▸ **Problem to solve**
Taking only the lines of the data below from the line with "지민은 지난 9일 오후" to the line with "Seamless pattern with", ends included, write them out exactly and without pictures.

= Beginning of Section =

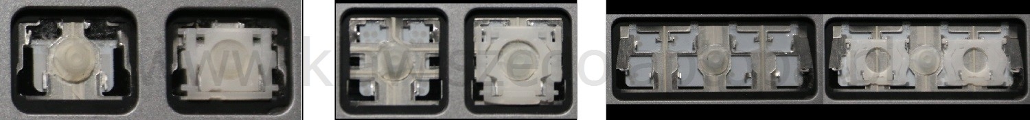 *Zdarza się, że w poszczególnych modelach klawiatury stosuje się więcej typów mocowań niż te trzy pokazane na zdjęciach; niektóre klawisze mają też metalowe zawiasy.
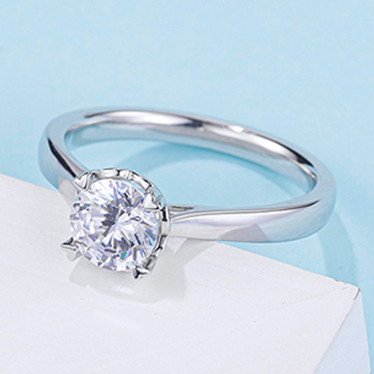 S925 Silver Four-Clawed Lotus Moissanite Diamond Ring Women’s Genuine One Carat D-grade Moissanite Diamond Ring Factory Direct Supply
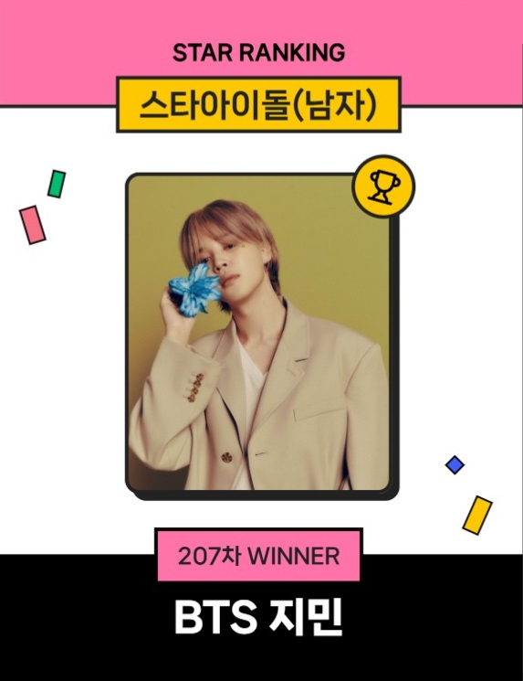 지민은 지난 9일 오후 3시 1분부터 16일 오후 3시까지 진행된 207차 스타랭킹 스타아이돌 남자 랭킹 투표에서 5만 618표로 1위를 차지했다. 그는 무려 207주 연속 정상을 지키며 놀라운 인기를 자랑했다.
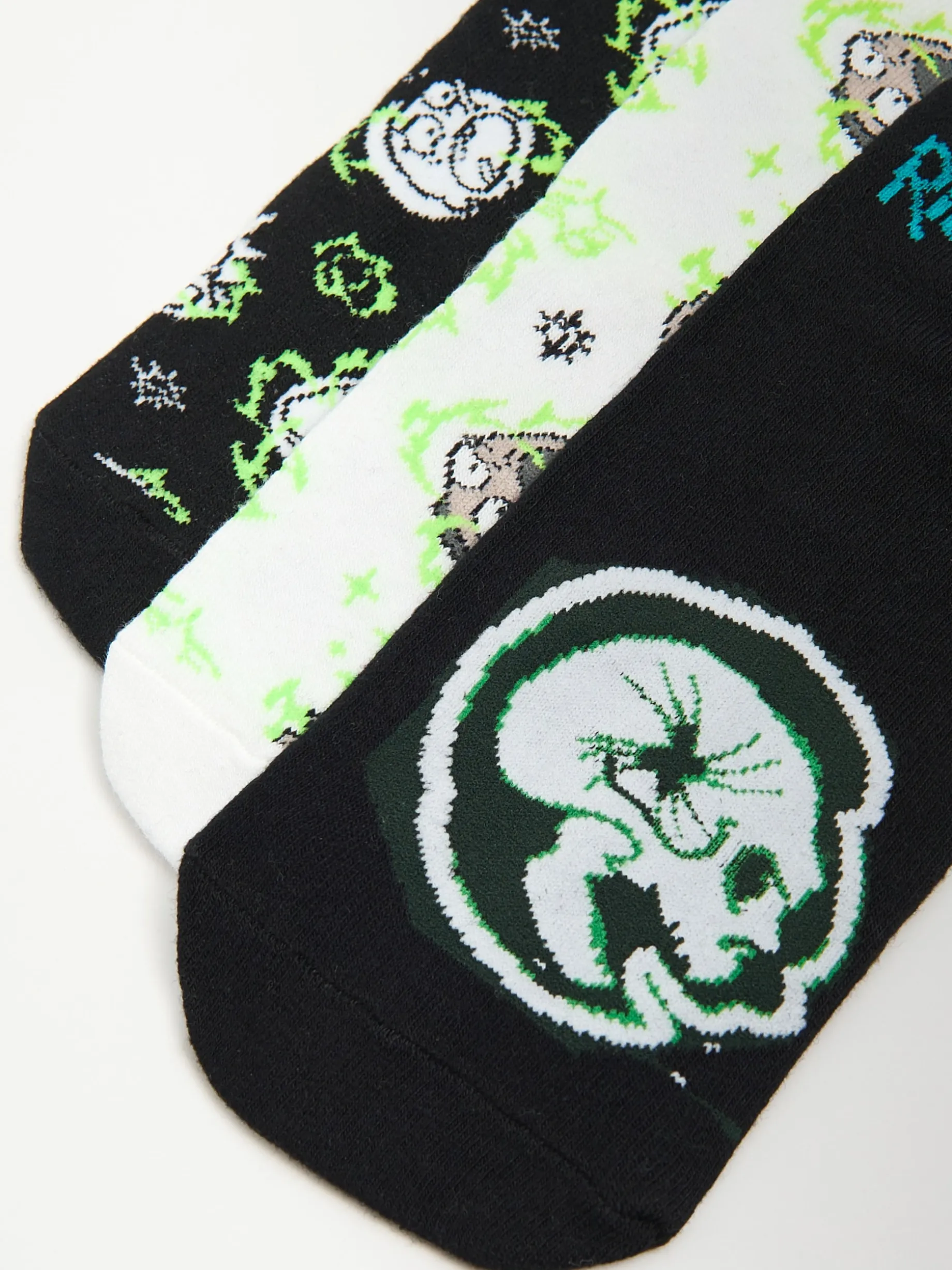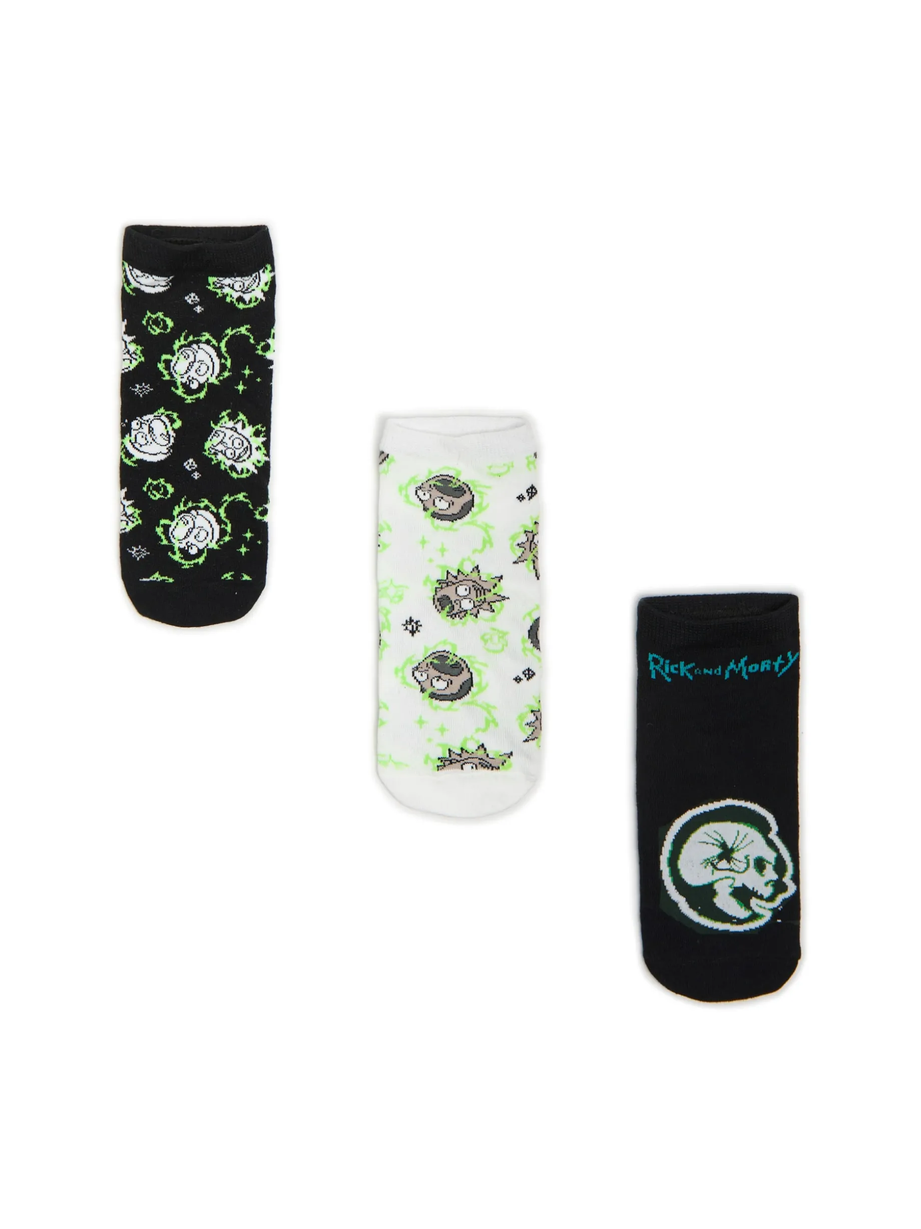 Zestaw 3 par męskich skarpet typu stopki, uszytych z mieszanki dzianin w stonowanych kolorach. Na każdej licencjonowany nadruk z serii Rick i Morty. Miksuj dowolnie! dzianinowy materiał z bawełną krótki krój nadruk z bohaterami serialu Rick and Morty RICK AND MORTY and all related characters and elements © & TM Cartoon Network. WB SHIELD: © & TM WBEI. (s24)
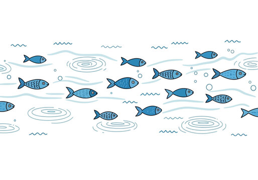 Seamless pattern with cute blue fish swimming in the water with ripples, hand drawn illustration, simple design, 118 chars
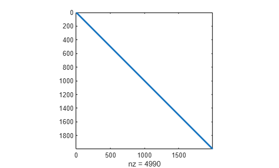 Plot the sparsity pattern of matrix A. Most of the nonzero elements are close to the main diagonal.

= End of Section =

▸ **Exercise answer**
 지민은 지난 9일 오후 3시 1분부터 16일 오후 3시까지 진행된 207차 스타랭킹 스타아이돌 남자 랭킹 투표에서 5만 618표로 1위를 차지했다. 그는 무려 207주 연속 정상을 지키며 놀라운 인기를 자랑했다.
 Zestaw 3 par męskich skarpet typu stopki, uszytych z mieszanki dzianin w stonowanych kolorach. Na każdej licencjonowany nadruk z serii Rick i Morty. Miksuj dowolnie! dzianinowy materiał z bawełną krótki krój nadruk z bohaterami serialu Rick and Morty RICK AND MORTY and all related characters and elements © & TM Cartoon Network. WB SHIELD: © & TM WBEI. (s24)
 Seamless pattern with cute blue fish swimming in the water with ripples, hand drawn illustration, simple design, 118 chars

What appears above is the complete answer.